Patton Design, Inc.
- Industry: industrial engineering technology
- Founded: 1983
- Headquarters: Irvine, California
- Website: www.pattondesign.com

= Patton Design =

Patton Design, Inc. is an industrial design, engineering, software and hardware, and prototyping consultancy based in Irvine, California. The firm was founded in 1983 by California State University at Long Beach alumnus Doug Patton.

Company staff appeared on the ABC television series American Inventor and represented the million dollar winner with the "Anecia Survival Capsule" child safety seat, the second-place winner with "The WordAce" children's game, and the third-place winner with "The Catch Elite" football receiver trainer.
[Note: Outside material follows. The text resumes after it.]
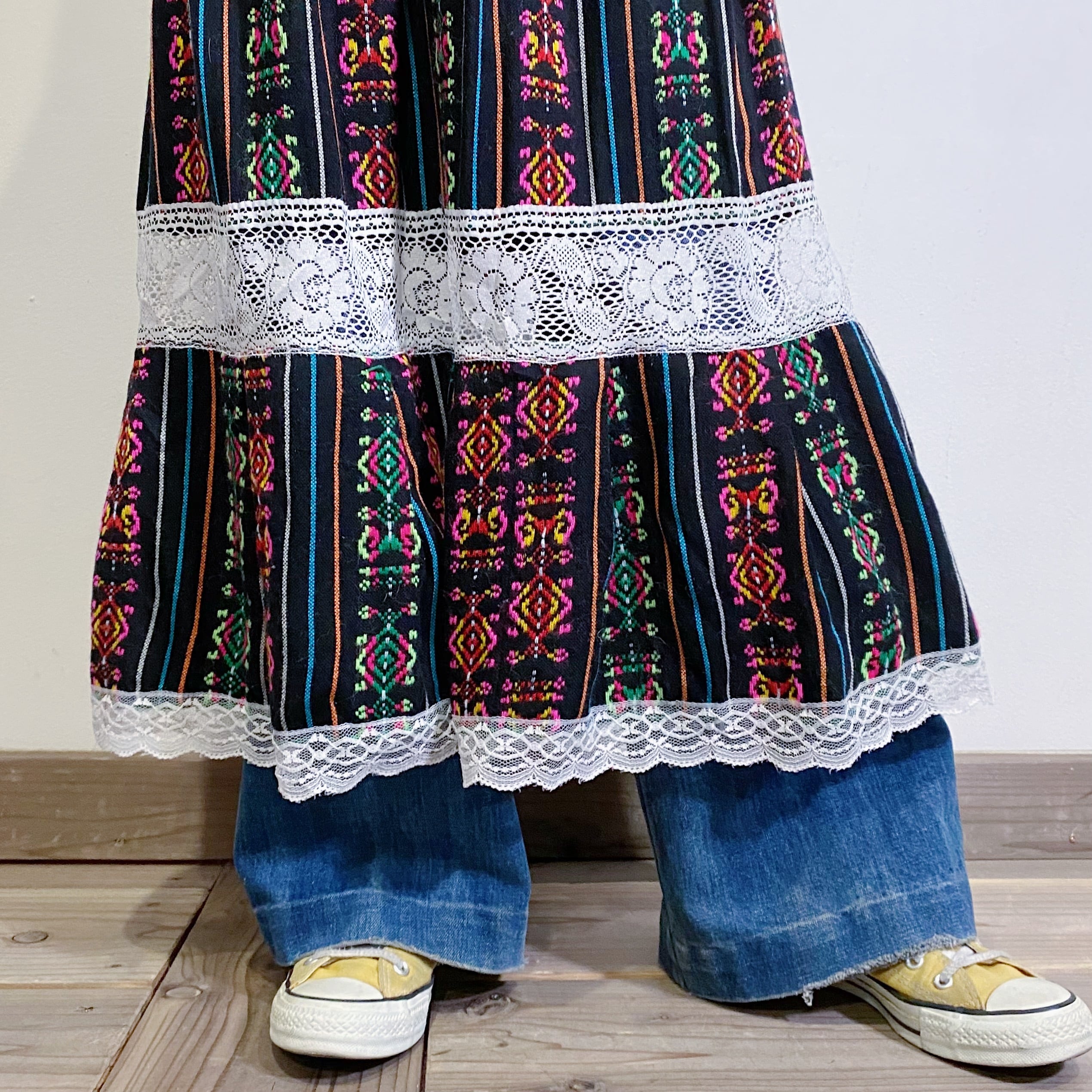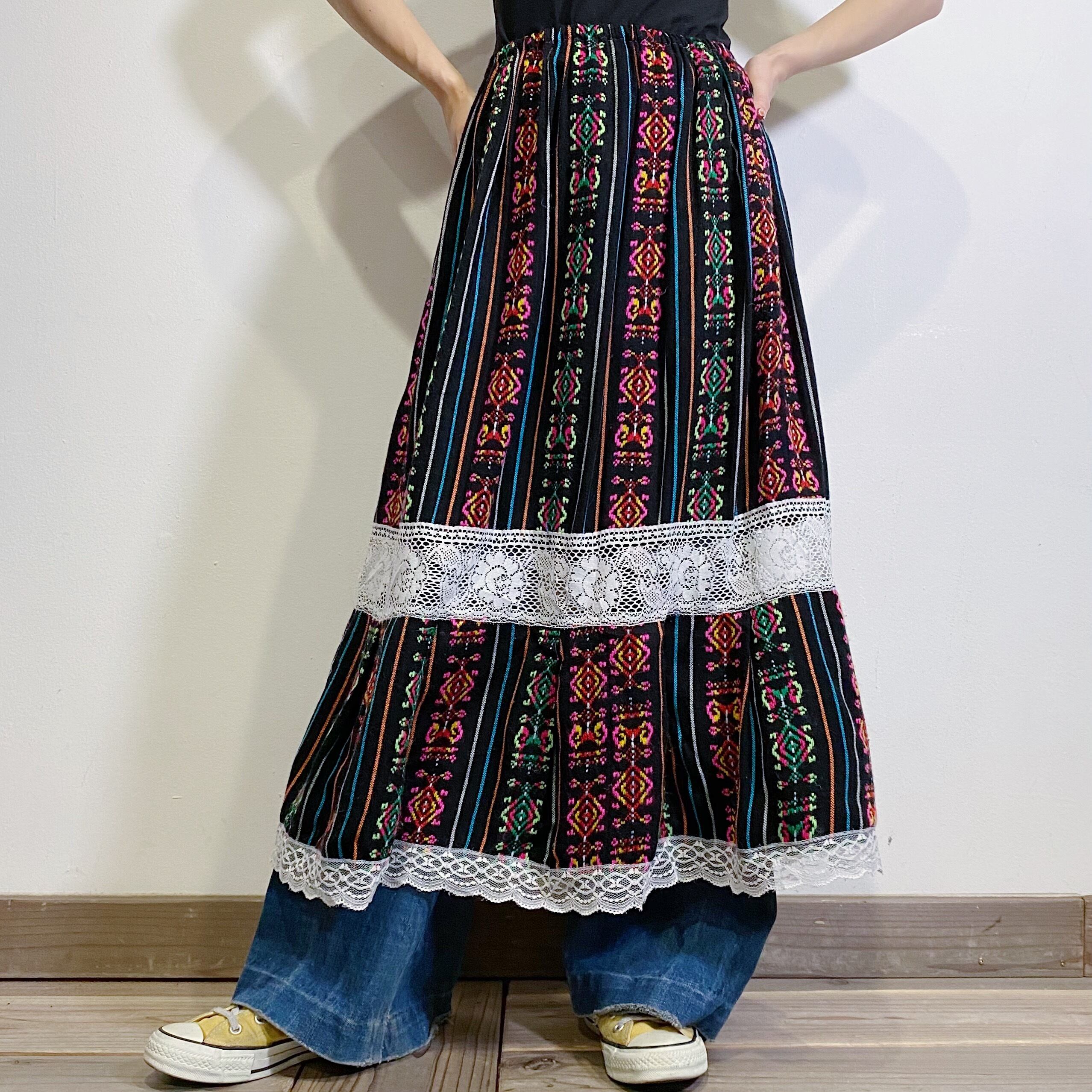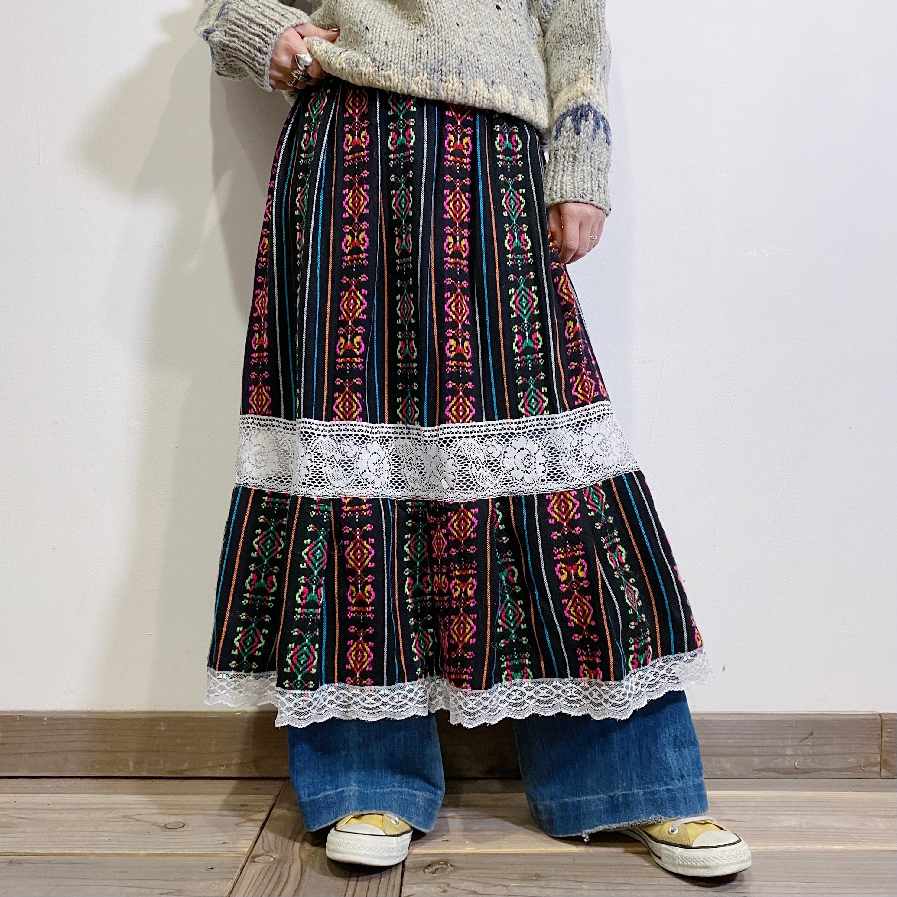 ブラックベースにカラフルなメキシコらしい幾何学模様の刺繍が映えるスカートです。

Patton Design is a patron member of the Industrial Designers Society of America and has won seventeen Industrial Design Excellence Awards.

== Notable projects ==

Patton Design collaborated with the Advanced Research division of Apple Computer on its Workspace 2000 "office of the future" concept prototype. This featured voice-activated and touch-sensitive working surfaces intended to provide interactive computing facilities, together with a curved partition that could also be used as a screen to "teleconference" with remote colleagues. The computational aspect of these working surfaces were to be provided by clip-on personality modules or "P-Mods". A range of office furniture accessories and devices were also proposed, including "computer pads" or tablets such as the approximately A4-sized Notepad and a pocket computer with a roll-out screen known as the Scroll. The project was completed during 1988, and in 1990, Patton suggested that "three or four other ideas" had since been developed in conjunction with Apple for potential products. Apple reportedly received much interest from individuals and furniture manufacturers, even compiling a shortlist for further collaborations, but the company made no further commitment to continuing such efforts.